Bone regeneration is a highly dynamic process where different types of tissues are formed, remodelled and resorbed in specific locations over the regeneration period, creating a mechanical environment that changes over time. This changing mechanical environment in turn further influences tissue formation. The influence of scaffold design on the regeneration process and whether scaffolds optimized for the post-surgery situation are optimal in terms of the healing outcome remains unknown. In fact, a study conducted on spine fusion devices suggests that optimized design for the situation immediately after surgery would not yield optimal bone growth (Bashkuev et al. 2015). An in silico comparison between bone regeneration outcome for scaffolds optimized for the situation immediately after surgery or taking the healing process into account reached the same conclusion in 2-D (Wu et al. 2021).

Here, we propose an in silico framework to investigate the influence of the bone regeneration dynamics on the optimum scaffold design. Our aims were (1) to investigate the effect of scaffold design parameters on the predicted regenerated bone volume at the end of the regeneration process and (2) to compare this outcome between scaffolds that would be considered optimal for the post-surgery situation and those that show best regeneration outcome.

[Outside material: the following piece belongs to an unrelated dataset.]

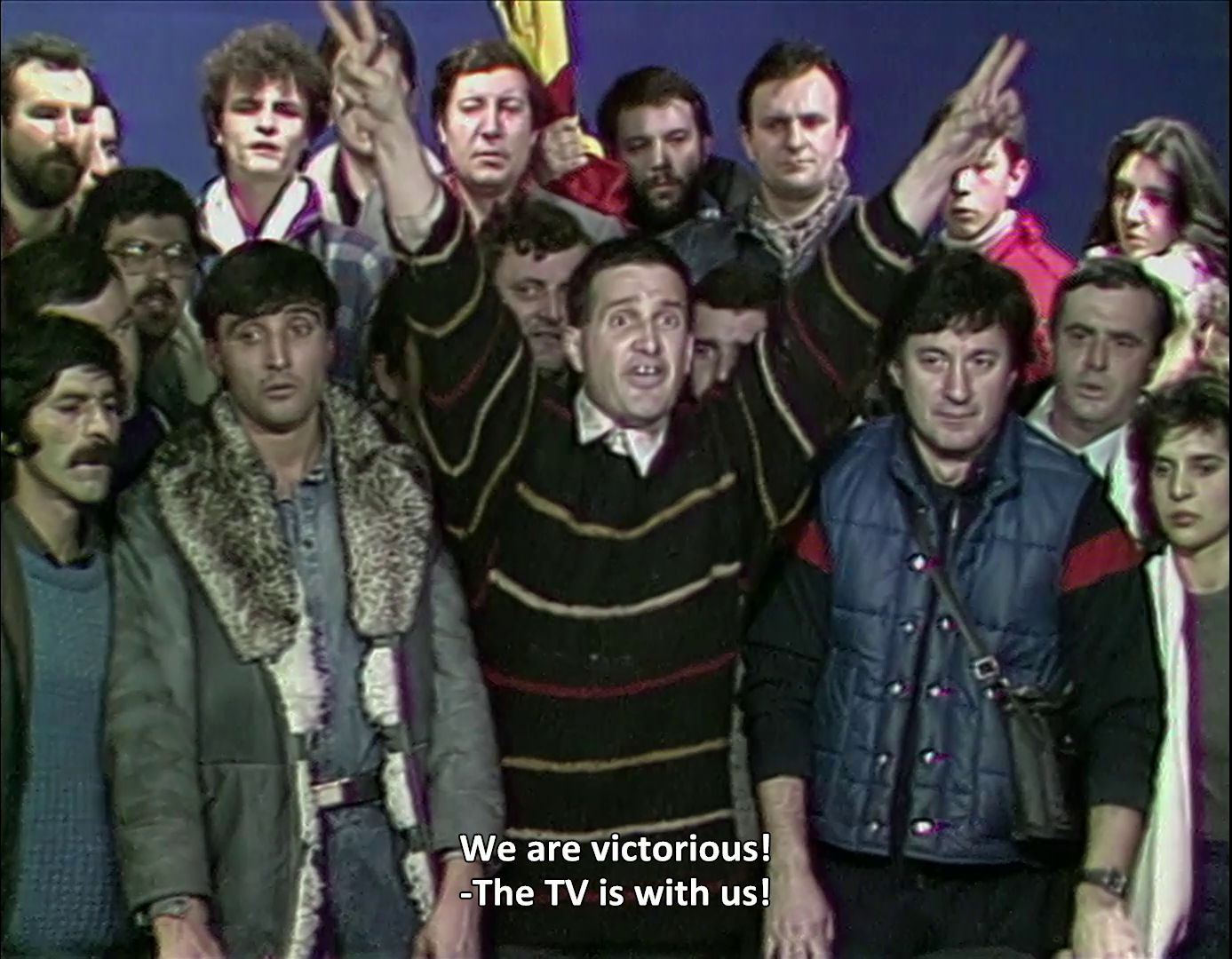 The editing of Videograms is a skillful dance between official state television footage, footage the official cameras recorded but did not broadcast, camcorder street imagery taken at great risk by citizens, video from inside people’s homes as they bear witness, and documentation of the chaotic atmosphere inside the television station where rebels have taken over and are under attack by forces loyal to Ceauşescu.

To achieve this, a computer framework combining an automatic parametric scaffold design generation with a mechano-biological bone regeneration model was developed.

2 Material and methods

2.1 Scaffold-tissue geometry and finite element model

A finite element (FE) model of a cubic scaffold of side 3 mm was designed in Abaqus CAE 2018 (Dassault Systemes Simulia Corp., Rhode Island). 9 square pores were defined by extruded cuts from the different cube faces following each direction (x,y,z); they were positioned following a regular 3*3 grid with 1 mm distance between their centres (Fig. 1). This spacing was in the range of experimentally tested scaffolds (Reichert et al. (2012); Shah et al. (2016)). The pore size could be varied between 0.1 and 0.9 mm, with an identical value for pores along x and y directions (pore_size_x and pore_size_y) and an independent one for pores following the z axis (pore_size_z). The inner scaffold region was modelled as regenerating tissue and was obtained by a Boolean cut operation in Abaqus CAE.

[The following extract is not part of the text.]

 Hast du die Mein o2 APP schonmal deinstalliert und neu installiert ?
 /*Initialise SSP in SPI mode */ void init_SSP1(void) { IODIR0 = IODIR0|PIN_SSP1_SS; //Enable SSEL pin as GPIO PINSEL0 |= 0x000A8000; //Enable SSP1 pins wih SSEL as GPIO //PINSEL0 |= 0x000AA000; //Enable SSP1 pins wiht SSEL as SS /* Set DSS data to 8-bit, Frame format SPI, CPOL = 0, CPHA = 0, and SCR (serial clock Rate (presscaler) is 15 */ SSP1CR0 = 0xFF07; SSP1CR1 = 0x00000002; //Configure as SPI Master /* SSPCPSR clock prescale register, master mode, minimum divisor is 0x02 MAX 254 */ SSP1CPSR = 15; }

The scaffold was defined as a linear elastic material with Young’s modulus E = 1000 MPa and Poisson ratio \(\upnu \,=\,0.3\), within the range of polymer-ceramics composites used in bone regeneration applications (Lam et al. 2008; Reichert et al. 2012). The scaffold pores were assumed to be initially filled with granulation tissue defined as a linear elastic material with Young’s modulus E = 0.2 MPa and Poisson ratio \(\upnu \,=\,0.167\) (Checa et al. 2011). Over time, regenerating tissue material properties were updated according to the predicted tissue formation based on a bone regeneration model (see Sect. 2.2).

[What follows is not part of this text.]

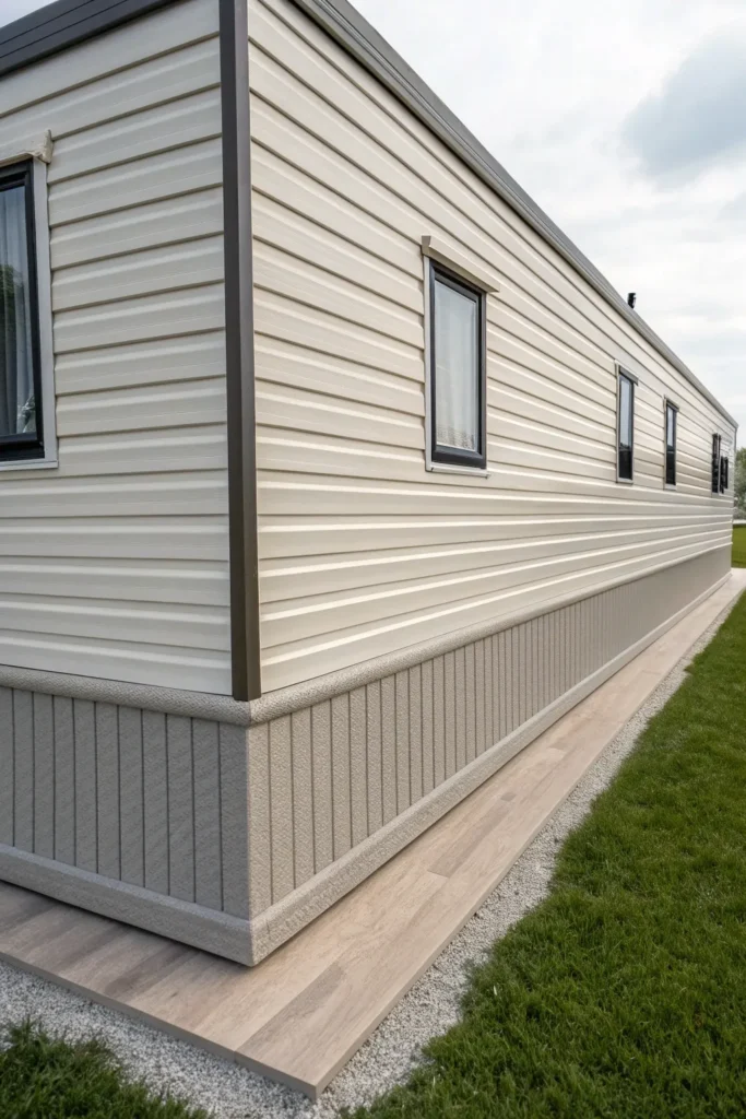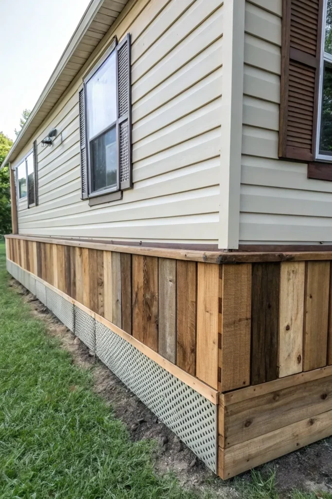Vinyl skirting is a popular and budget-friendly option. It offers clean lines, low maintenance, and easy installation, making it perfect for first-time homeowners or simple upgrades. It also comes in many textures, from smooth to vented options that improve airflow.

A tie constraint was defined between regenerating tissue and scaffold. In addition, their lower surfaces were fully constrained both in displacement and rotation (“encastre”). A compression load of 15 N was applied on the top scaffold surface as a distributed load. This loading value was chosen to achieve realistic strain values in the regenerating tissue (0.01-0.1%), comparable to strain ranges determined for scaffolds implanted in long bone defects (Pobloth et al. 2018). Both regenerating tissue and scaffold were meshed with tetrahedral quadratic elements (element type C3D10) of average size 0.1 mm. This size was shown to achieve adequate precision in a preliminary mesh convergence analysis (Online Resource 1).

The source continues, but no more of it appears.